# “Random Forests” or “Random Forest”?

A question that has been bugging me recently is whether it is more correct to refer to the Random Forests Classifier as "Random Forests" or "Random Forest" (e.g. "We implemented a Random Forest classifier" or "We implemented a Random Forests classifier".) Which is more correct, or are both equally correct? Breiman in his classic paper https://www.stat.berkeley.edu/~breiman/randomforest2001.pdf seems to use both interchangeably, although most papers I have read refer to it as "Random Forests".

If you go Breiman's page, you will find this statement about trademark.

Random Forests(tm) is a trademark of Leo Breiman and Adele Cutler and is licensed exclusively to Salford Systems for the commercial release of the software. Our trademarks also include RF(tm), RandomForests(tm), RandomForest(tm) and Random Forest(tm).

I would say, all of the are the same.

Wikitionary defines a "forest" as

A dense collection of trees covering a relatively large area. Larger than woods.

Therefore, random forests would necessarily be two or more large collections of trees. Perhaps this could be the averaging of random forest fit more than once, using different hyperparameters or data.

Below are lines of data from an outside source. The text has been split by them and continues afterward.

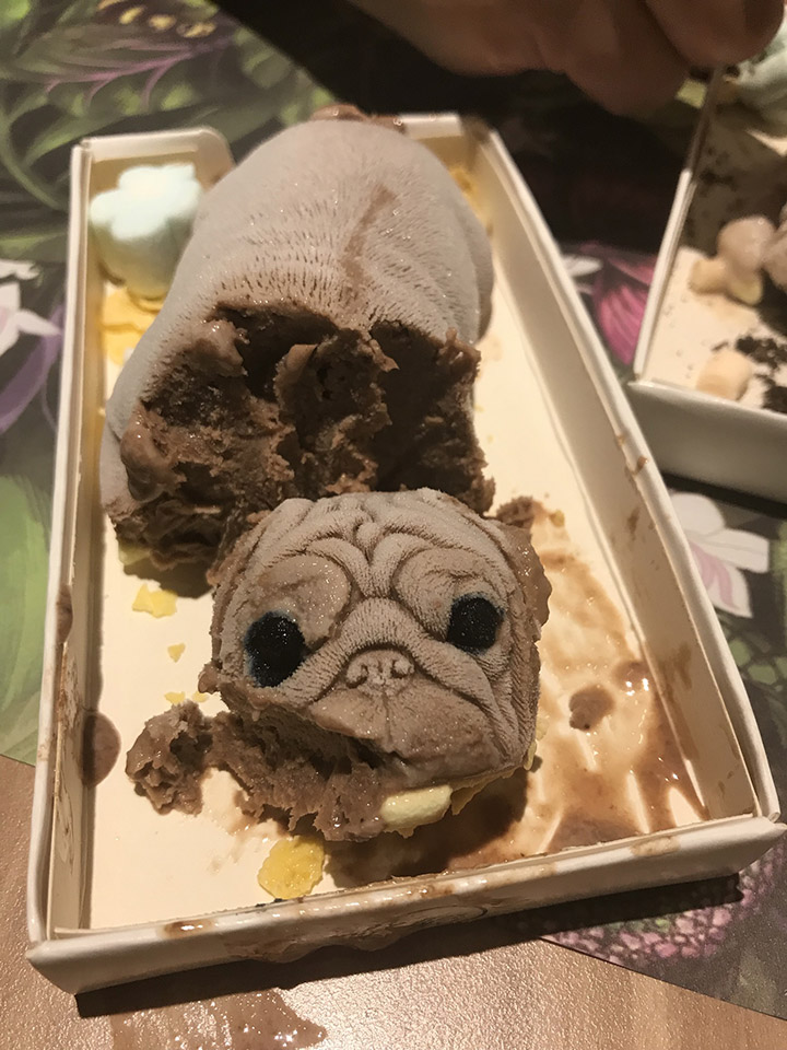 Meskipun berupa es krim, detail anak anjing yang mereka buat sangat sempurna. Jadi kaya anak anjing beneran, lengkap dengan mata berbinarnya. Duh jadi nggak tega makan.
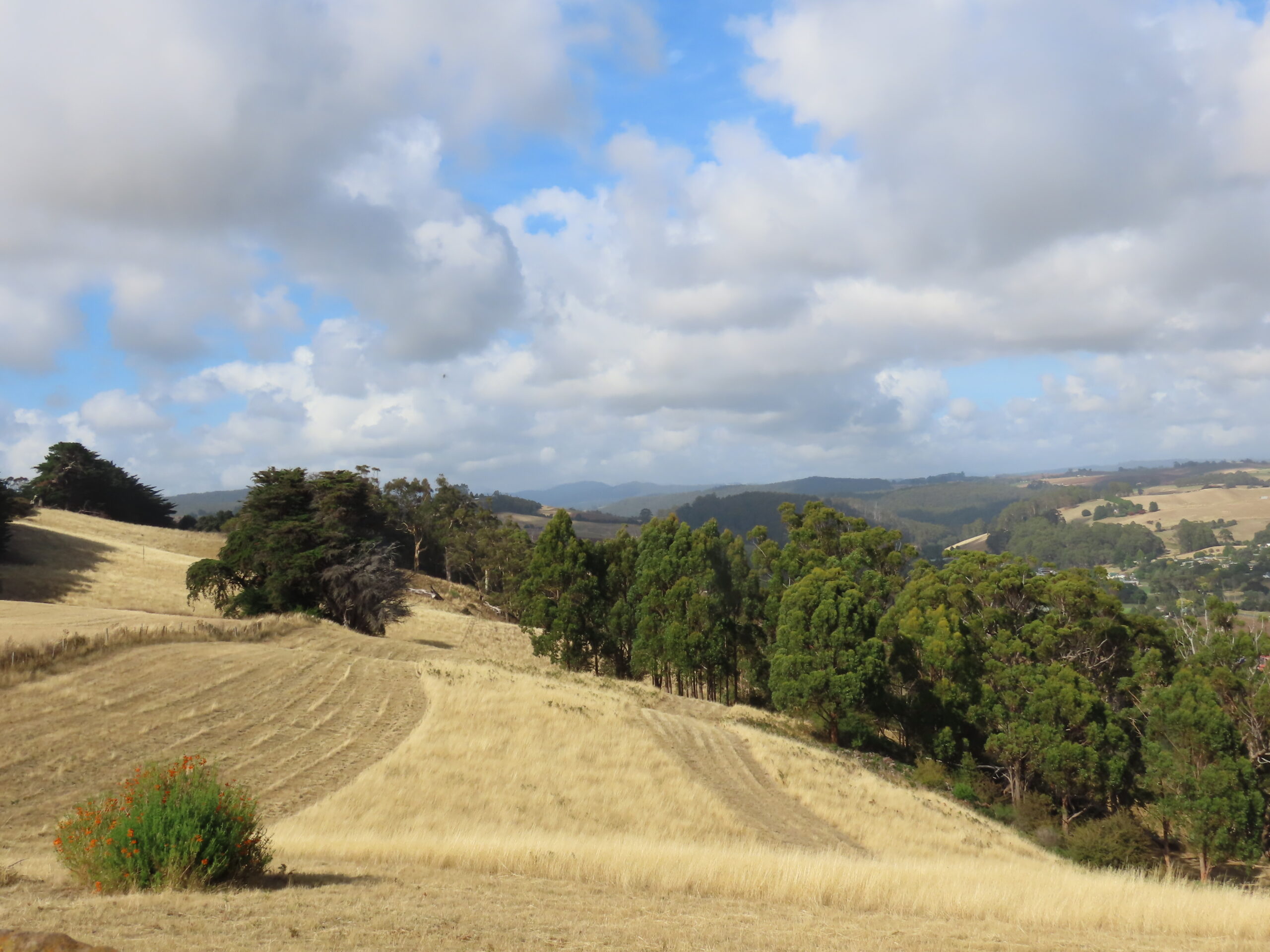 What I find especially compelling is the way the farms seem to coexist with the surrounding environment. Patches of native bushland are often left untouched, providing shelter for wildlife and a reminder of what the land once looked like before it was cultivated. It is not uncommon to see a line of tall trees acting as a windbreak, as shown in our photos; their presence is both practical and beautiful.
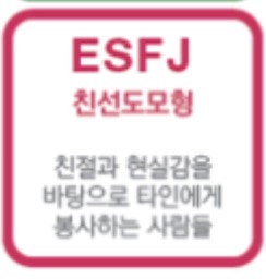 | ESFJ | 돌봄 제공자 | 타인의 욕구에 민감하고 조화 추구 |
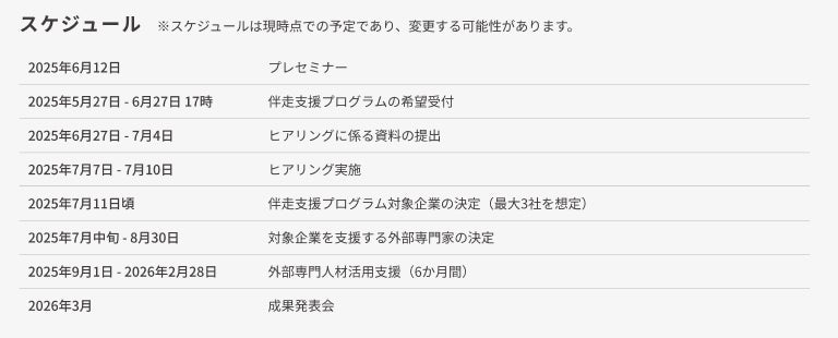 6月12日(木)には、地域スタートアップにおいて組織や事業を拡大させるに当たっての効果的な人事・採用戦略を描き、実績を積んでこられたビザスク登録エキスパートを現地に招き、本事業のキックオフイベントを開催いたします。県内スタートアップ企業が社外有識者を活用して更なる成長を目指すきっかけにしていただくとともに、本事業の趣旨・詳細をご説明いたします。また同日より伴走支援を希望する県内スタートアップ企業の募集を開始いたします。
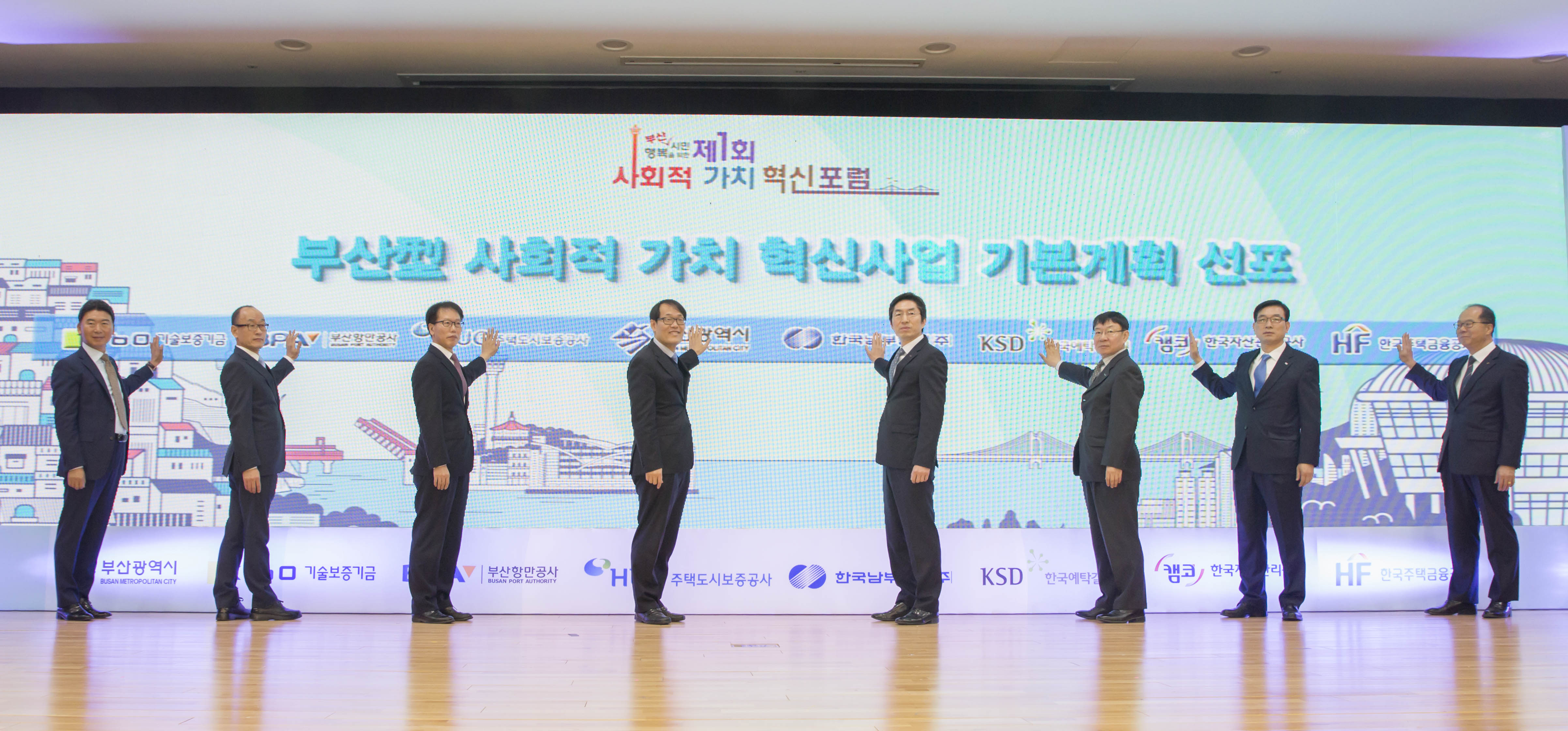 캠코(한국자산관리공사, 사장 문창용) 등 부산지역에 본사를 둔 7개 공공기관은 11월 28일(수) 오전 10시 부산국제금융센터(BIFC) 3층 캠코마루에서 '부산시민의 행복과 삶의 질 제고'를 위한 「사회적 가치 혁신사업 기본계획 선포식」 및 「사회적 가치 혁신포럼」을 개최했습니다.
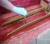 Если при пропитке ЗАРАНЕЕ вырезанные, но еще не вклееные рельсы прогревать строительным феном - то просто класс будет! Смола становится такая активная, что только пол застелай. Будьте осторожны.
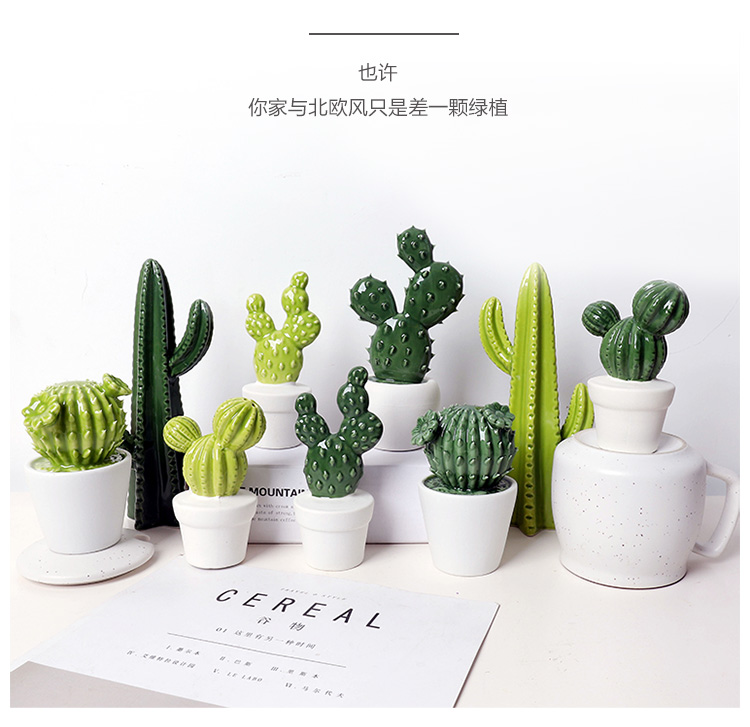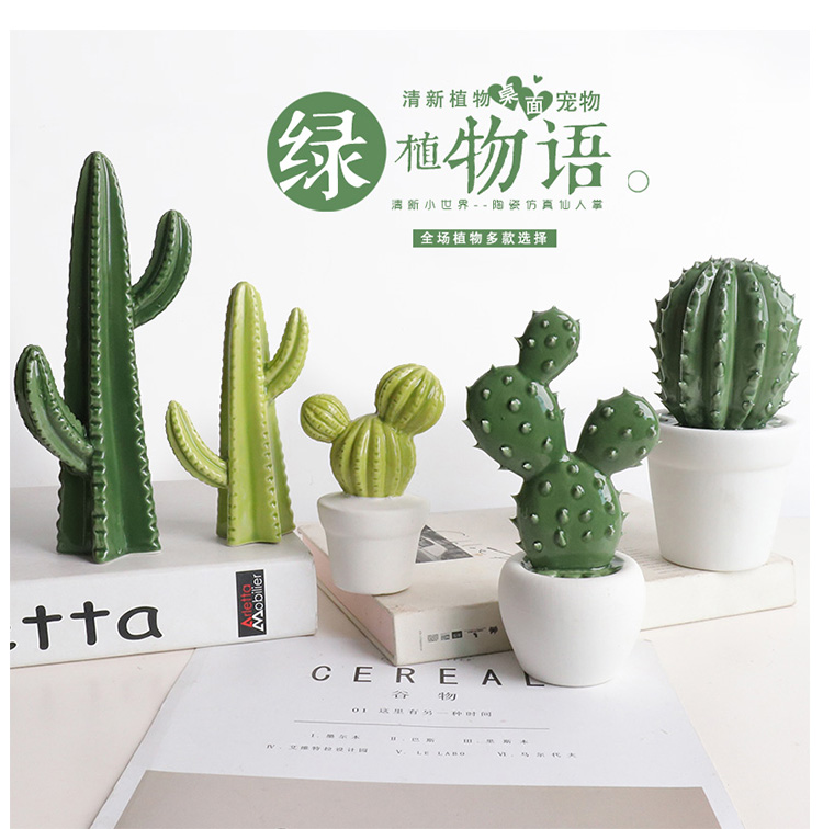 盆栽大號仙人掌深綠北歐陶瓷仙人掌擺件臥室房間ins小清新辦公室桌面酒柜裝飾品擺設
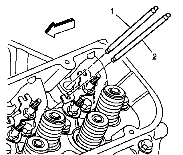 Important: The exhaust valve pushrods (2) are longer than the intake valve pushrods (1).

We also have a new term: when doing exploratory analysis with ntree = small, we have a random wood

In case the above is insufficiently pedantic:

library(randomForest)
random_wood <- randomForest(Species ~ ., ntree = 50, data = iris)
random_forest_1 <- randomForest(Species ~ ., ntree = 200, data = iris, mtry = 2)
random_forest_2 <- randomForest(Species ~ ., ntree = 200, data = iris, mtry = 3)
random_forests <- combine(random_forest_1, random_forest_2)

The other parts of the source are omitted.